» **Data extract**:
● ● ● ● ●

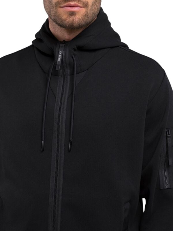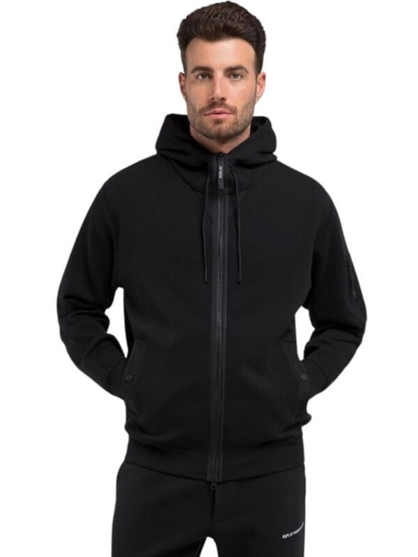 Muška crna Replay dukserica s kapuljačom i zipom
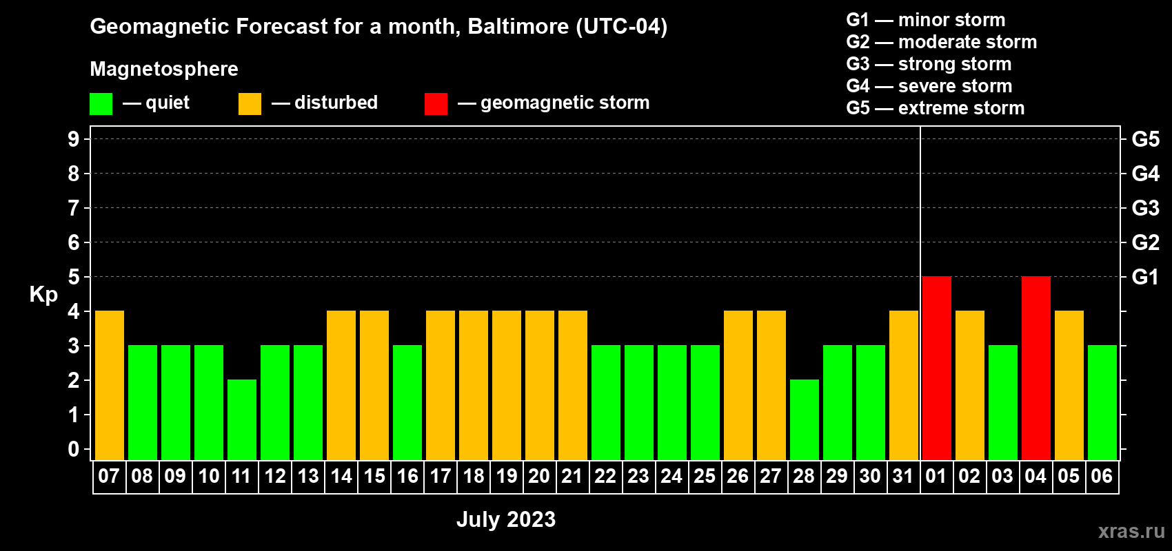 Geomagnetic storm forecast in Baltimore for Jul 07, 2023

● ● ● ● ●

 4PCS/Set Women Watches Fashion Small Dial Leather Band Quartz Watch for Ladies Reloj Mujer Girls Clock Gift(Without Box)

● ● ● ● ●

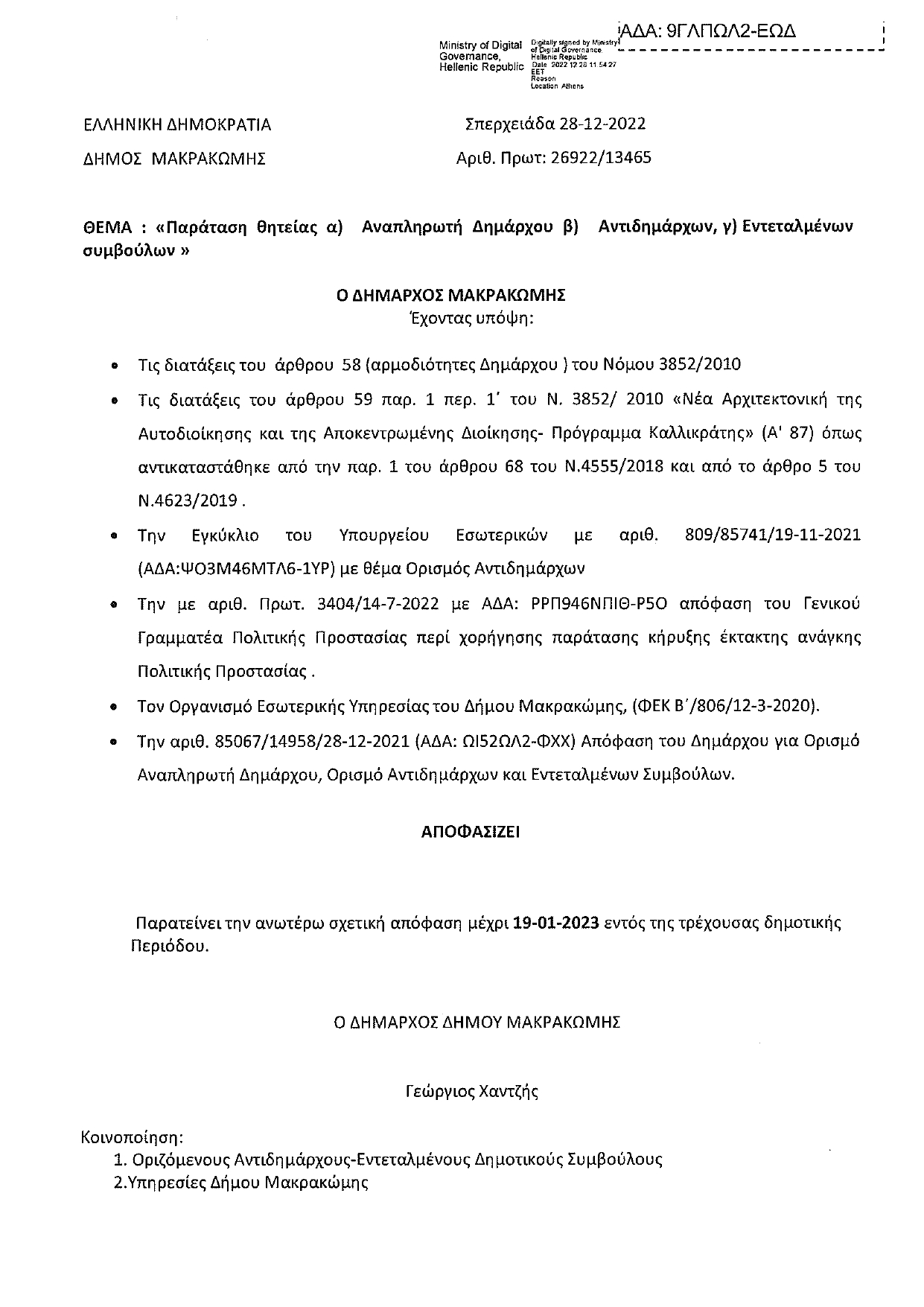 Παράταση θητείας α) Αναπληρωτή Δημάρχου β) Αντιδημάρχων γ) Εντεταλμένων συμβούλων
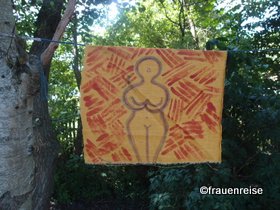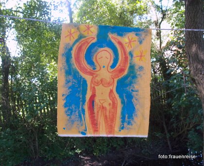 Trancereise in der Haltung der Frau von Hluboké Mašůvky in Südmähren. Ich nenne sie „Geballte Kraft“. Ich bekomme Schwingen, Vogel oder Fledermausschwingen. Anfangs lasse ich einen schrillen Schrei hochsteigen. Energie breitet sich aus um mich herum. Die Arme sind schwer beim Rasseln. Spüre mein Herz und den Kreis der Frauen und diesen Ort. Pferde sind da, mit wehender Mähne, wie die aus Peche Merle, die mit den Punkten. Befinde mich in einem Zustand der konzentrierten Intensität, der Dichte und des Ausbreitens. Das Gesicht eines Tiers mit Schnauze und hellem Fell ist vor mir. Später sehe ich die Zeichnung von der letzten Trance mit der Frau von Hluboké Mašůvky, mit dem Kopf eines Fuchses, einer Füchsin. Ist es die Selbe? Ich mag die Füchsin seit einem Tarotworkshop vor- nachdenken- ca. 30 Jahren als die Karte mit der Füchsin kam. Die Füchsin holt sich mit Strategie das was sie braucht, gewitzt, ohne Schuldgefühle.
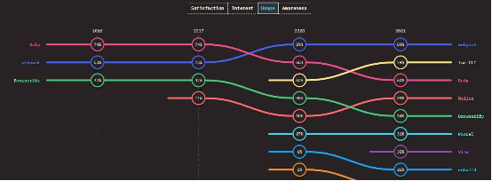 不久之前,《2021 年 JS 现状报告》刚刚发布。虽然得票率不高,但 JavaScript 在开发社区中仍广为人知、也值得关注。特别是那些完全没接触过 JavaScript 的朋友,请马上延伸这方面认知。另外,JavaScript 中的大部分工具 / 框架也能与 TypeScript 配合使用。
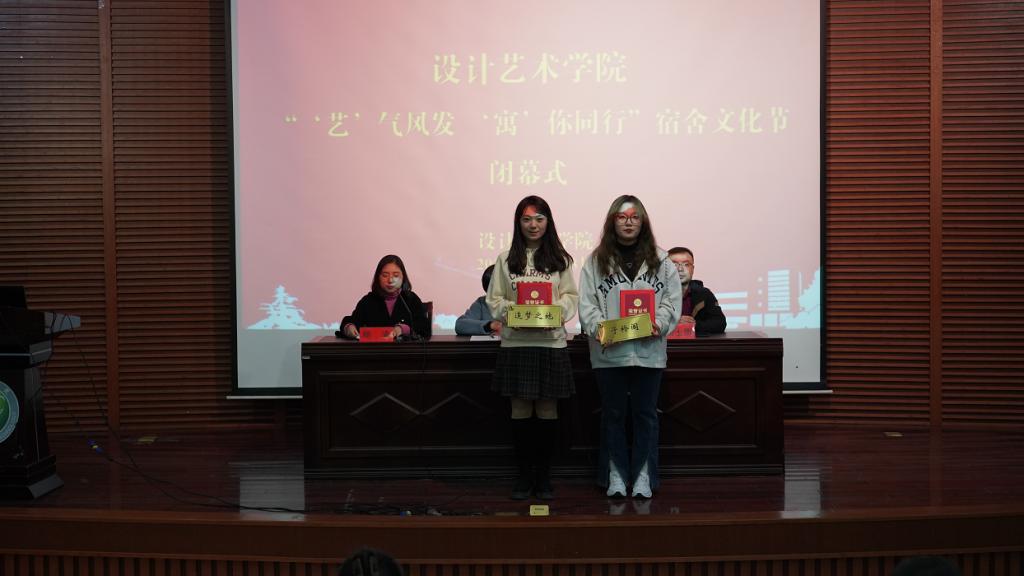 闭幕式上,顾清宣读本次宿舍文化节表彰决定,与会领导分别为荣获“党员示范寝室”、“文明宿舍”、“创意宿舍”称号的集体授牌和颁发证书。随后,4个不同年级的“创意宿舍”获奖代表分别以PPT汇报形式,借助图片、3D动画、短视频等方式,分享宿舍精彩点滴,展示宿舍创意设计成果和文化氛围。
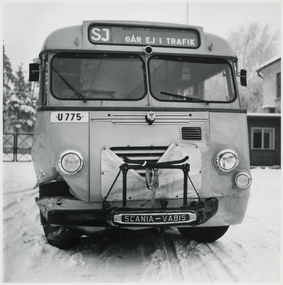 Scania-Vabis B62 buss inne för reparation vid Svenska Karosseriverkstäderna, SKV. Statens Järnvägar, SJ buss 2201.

● ● ● ● ●

» **Work instructions**: All lines above from the one containing "Trancereise in der" up to and including the one containing "Scania-Vabis B62 buss" are to be set down exactly, and nothing else. Leave images out.

» **Problem solution**:
 Trancereise in der Haltung der Frau von Hluboké Mašůvky in Südmähren. Ich nenne sie „Geballte Kraft“. Ich bekomme Schwingen, Vogel oder Fledermausschwingen. Anfangs lasse ich einen schrillen Schrei hochsteigen. Energie breitet sich aus um mich herum. Die Arme sind schwer beim Rasseln. Spüre mein Herz und den Kreis der Frauen und diesen Ort. Pferde sind da, mit wehender Mähne, wie die aus Peche Merle, die mit den Punkten. Befinde mich in einem Zustand der konzentrierten Intensität, der Dichte und des Ausbreitens. Das Gesicht eines Tiers mit Schnauze und hellem Fell ist vor mir. Später sehe ich die Zeichnung von der letzten Trance mit der Frau von Hluboké Mašůvky, mit dem Kopf eines Fuchses, einer Füchsin. Ist es die Selbe? Ich mag die Füchsin seit einem Tarotworkshop vor- nachdenken- ca. 30 Jahren als die Karte mit der Füchsin kam. Die Füchsin holt sich mit Strategie das was sie braucht, gewitzt, ohne Schuldgefühle.
 不久之前,《2021 年 JS 现状报告》刚刚发布。虽然得票率不高,但 JavaScript 在开发社区中仍广为人知、也值得关注。特别是那些完全没接触过 JavaScript 的朋友,请马上延伸这方面认知。另外,JavaScript 中的大部分工具 / 框架也能与 TypeScript 配合使用。
 闭幕式上,顾清宣读本次宿舍文化节表彰决定,与会领导分别为荣获“党员示范寝室”、“文明宿舍”、“创意宿舍”称号的集体授牌和颁发证书。随后,4个不同年级的“创意宿舍”获奖代表分别以PPT汇报形式,借助图片、3D动画、短视频等方式,分享宿舍精彩点滴,展示宿舍创意设计成果和文化氛围。
 Scania-Vabis B62 buss inne för reparation vid Svenska Karosseriverkstäderna, SKV. Statens Järnvägar, SJ buss 2201.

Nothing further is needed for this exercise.